Cool! should be a great day. Cheers, Mike


----------



## markba633csi (Apr 10, 2019)

On the mill I believe there is a plastic gear that tends to break when the machine is pushed hard.  You might want to order one as a spare. I think it's similar to the very popular G0704 model; if you do some research for broken gears on the 0704 you should be able to pin down which one it is.
Folks also convert the 0704 to belt drive, you might want to consider doing that to yours in the future- have fun and be safe
Mark


----------



## Mitch Alsup (Apr 10, 2019)

mikey said:


> Congrats, and welcome to the Slippery Slope!

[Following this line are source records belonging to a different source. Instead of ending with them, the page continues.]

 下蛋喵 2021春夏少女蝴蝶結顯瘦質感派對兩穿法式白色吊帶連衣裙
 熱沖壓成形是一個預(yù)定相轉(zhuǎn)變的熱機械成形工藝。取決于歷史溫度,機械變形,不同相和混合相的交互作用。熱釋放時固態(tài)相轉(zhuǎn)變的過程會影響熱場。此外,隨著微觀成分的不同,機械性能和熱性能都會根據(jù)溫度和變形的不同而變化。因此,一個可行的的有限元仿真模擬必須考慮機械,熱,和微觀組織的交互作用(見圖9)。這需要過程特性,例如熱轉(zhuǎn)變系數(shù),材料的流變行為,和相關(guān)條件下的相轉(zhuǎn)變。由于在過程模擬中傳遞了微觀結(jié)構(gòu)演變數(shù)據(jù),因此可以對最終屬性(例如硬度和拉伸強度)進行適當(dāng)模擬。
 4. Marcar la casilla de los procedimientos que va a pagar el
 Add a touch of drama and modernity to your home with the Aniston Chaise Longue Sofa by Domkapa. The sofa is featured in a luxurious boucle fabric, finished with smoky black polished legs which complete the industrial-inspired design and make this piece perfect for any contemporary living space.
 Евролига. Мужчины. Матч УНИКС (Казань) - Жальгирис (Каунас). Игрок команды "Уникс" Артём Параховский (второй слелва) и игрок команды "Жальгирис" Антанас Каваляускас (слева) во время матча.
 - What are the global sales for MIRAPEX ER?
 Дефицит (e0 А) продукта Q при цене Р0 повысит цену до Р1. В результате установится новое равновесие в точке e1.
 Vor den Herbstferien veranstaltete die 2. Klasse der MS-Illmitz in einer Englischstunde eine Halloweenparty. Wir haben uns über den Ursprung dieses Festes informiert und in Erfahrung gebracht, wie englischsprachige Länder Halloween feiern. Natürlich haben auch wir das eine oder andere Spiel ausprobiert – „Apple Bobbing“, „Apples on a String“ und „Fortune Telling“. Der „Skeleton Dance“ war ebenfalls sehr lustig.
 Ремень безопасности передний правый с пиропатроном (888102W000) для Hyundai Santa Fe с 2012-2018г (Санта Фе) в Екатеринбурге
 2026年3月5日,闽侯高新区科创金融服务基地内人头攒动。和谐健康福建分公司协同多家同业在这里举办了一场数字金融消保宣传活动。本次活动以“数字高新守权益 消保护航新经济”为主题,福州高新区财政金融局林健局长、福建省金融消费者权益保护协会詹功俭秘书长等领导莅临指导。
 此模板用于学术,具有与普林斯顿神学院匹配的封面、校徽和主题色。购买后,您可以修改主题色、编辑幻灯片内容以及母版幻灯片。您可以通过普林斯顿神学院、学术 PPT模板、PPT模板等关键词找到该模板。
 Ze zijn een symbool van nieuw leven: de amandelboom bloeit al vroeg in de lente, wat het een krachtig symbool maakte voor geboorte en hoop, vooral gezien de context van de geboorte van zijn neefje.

Slippery implies that there is at least some friction.
The slope, as I see it, has a lower coefficient of friction than falling through a vacuum.


----------



## Milehimachine (Apr 19, 2019)

Really annoyed right now.  Scheduled to have my mill and lathe delivered today only to find out the items never made it on the truck for delivery.  So I have been home all day waiting only to call 15 minutes before deadline to be told oops sorry human error would you like to reschedule?  No I want my stuff today since I took the day off and all to be here.  Now I gotta wait till Monday to rip the local office a new one and figure out how to get it delivered while I'm home since I cant take another day off.  Saia Freight you really suck.


----------



## Milehimachine (Apr 25, 2019)

Good news my new mill and lathe where delivered on Tuesday.  With my work schedule wont be able to touch em until Saturday but I know I'll be spending all day cleaning and adjusting them.  Pics will be added later.


----------



## Milehimachine (Apr 27, 2019)

Well gottem out of the crates cleaned and spindles broke in.  Now all I gotta do is start making chips.


----------



## MarkM (Apr 27, 2019)

I think the slope will get quite slippery from here!!!  Hide your wallet and credit cards before they slide too far!


----------